Weibo-Douban: Weibo and DoubanFootnote 4 are one of China’s largest microblogging and movie rating sites respectively. Alignment between them is revealed explicitly in Douban’s user profile (self descriptions). In total we have 141,614 aligned users. Besides the network, we also collect movie rating histories (123.49 per user) and microblogs (343.78 per user) as user generated contents (UGCs).

4.1 Consistency Analysis

For further insight, we conduct analysis on user consistencies across networks.

Fig. 1.
figure 1

Consistency across OSNs (Username, Social Tie and User Preference)

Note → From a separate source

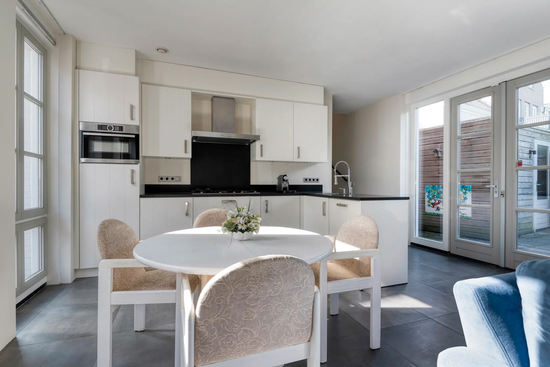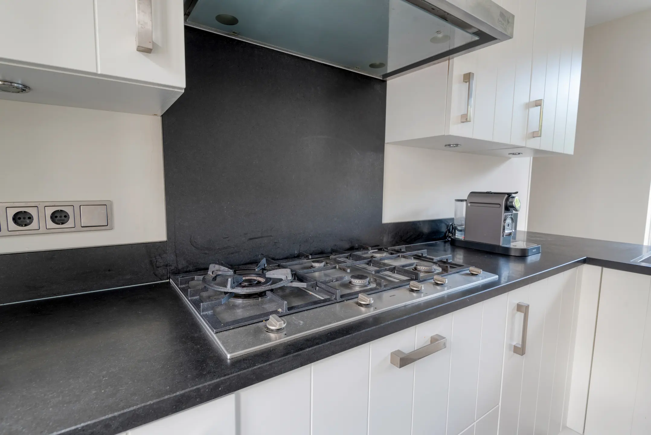 De open keuken is modern uitgevoerd en beschikt over diverse inbouwapparatuur. Ideaal om gezellig te koken en tegelijkertijd contact te houden met gezinsleden of gasten. De keuken is voorzien van onder andere een kookplaat, oven, vaatwasser, koelkast en een kokend waterkraan.

Username Consistency. We employ edit distance to measure similarity between usernames. Define \(P_{ed}(d)\) to be the pairs of accounts with edit distance less than or equal to d, precision and recall as follow:

$$\begin{aligned} Prec@d=\frac{|R\cap P_{ed}(d)|}{|P_{ed}(d)|}, Rec@d=\frac{|R\cap P_{ed}(d)|}{|R|} \end{aligned}$$
(2)

where R is the ground truth alignment (Eq. 1). Figure 1(a) depicts the result, indicating strong relation between username and network alignment. However, the recall is limited. Only \(30\,\%\) can be achieved for an acceptable precision.

Social Tie Consistency. Social links in OSNs reflect user’s social ties or interests to some extent. We demonstrate social tie consistency by analyzing whether one’s social relations in different OSNs tend to be overlapping. We use Jaccard Similarity Coefficient to capture the overlapping level. As only the relative value is required, we normalize the coefficient according to each user.

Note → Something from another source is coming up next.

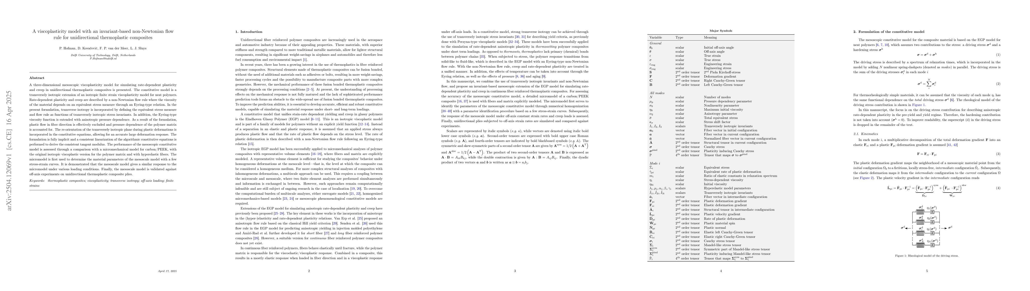 The research presents a mesoscopic viscoplasticity model for simulating rate-dependent plasticity and creep in unidirectional thermoplastic composites, extending an isotropic finite strain viscoplasticity model for neat polymers to incorporate transverse isotropy.

$$\begin{aligned} J(u,v)=\frac{O_A(E_A(u))\cap O_B(E_B(v))}{O_A(E_A(u))\cup O_B(E_B(v))}, J_n(u,v)=\frac{J(u,v)}{\max _{v'\in U_B}J(u,v')} \end{aligned}$$
(3)

where \(E_A(u),E_B(u)\) are the neighbors of u in network A, B respectively and \(O_A,O_B\) are the ownership oracles. Result in Fig. 1(b) indicates the existence of social tie consistency. However, it also indicates that even the alignment is given except the target pair, precision based only on social tie is not ideal (\(\sim 40\,\%\)).

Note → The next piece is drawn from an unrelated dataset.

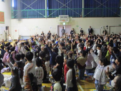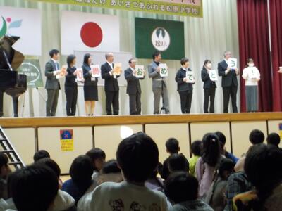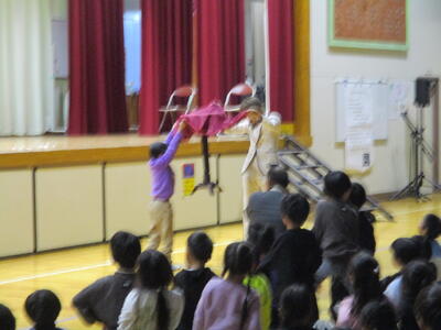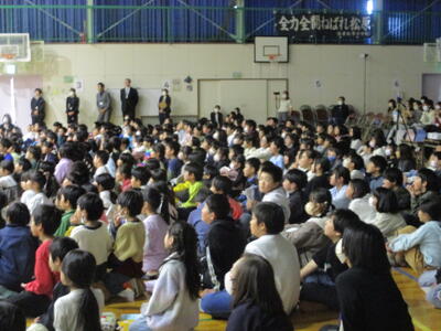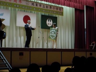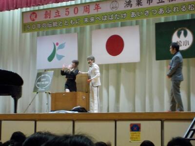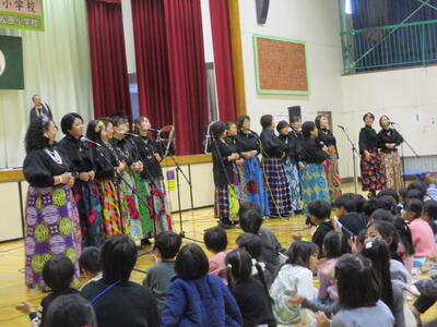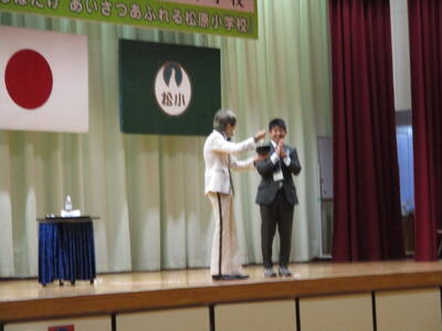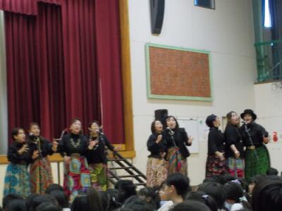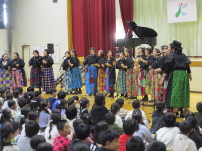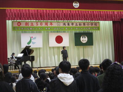 ゴスペルグループ「Viva La Vida(リーダー・飯山百香さん)」によるステージは、エネルギーあふれるメンバーの皆さんから、明るく元気になる曲をたくさんご披露いただき、松原っ子も思わず手拍子でリズムをとりたくなってしまう、会場が一つになった素敵なショーでした。最後には一緒に「ビリーブ」と「校歌」を歌いましたが、松原っ子の元気な声が体育館中に響いていました。

User Preference Consistency. We demonstrate user preference consistency by showing that users with similar UGCs in one network tend to be similar in the other. Specifically, we employ topic model (LDA [3]) for modeling text-based UGCs and Jaccard Similarity Coefficient for item-based UGCs (rating/purchasing logs). Result in Fig. 1(c) supports the assumption that user preference consistency exists.

5 Bootstrapping Approach

In this section we propose our approach BASS. We first present the work flow, then discuss the algorithm details, and finally tackle the scalability issues.

5.1 Work Flow

We aim at recovering the alignment by mining consistencies of usernames, social ties and user preferences across the networks. However, we need partial alignment as pre-knowledge to model such consistencies. Specifically, to model social ties we need the alignment over target user’s friends, and to model user preferences we need large scale aligned pairs to learn the preference transfer between heterogeneous networks. Traditionally, researchers employ labeled training data to solve this, leading to supervised approach. Instead, we model the alignment as unobserved latent data along with the consistency model, and then employ Expectation-Maximization algorithm for the parameter learning. Following this, we achieve an unsupervised bootstrapping approach.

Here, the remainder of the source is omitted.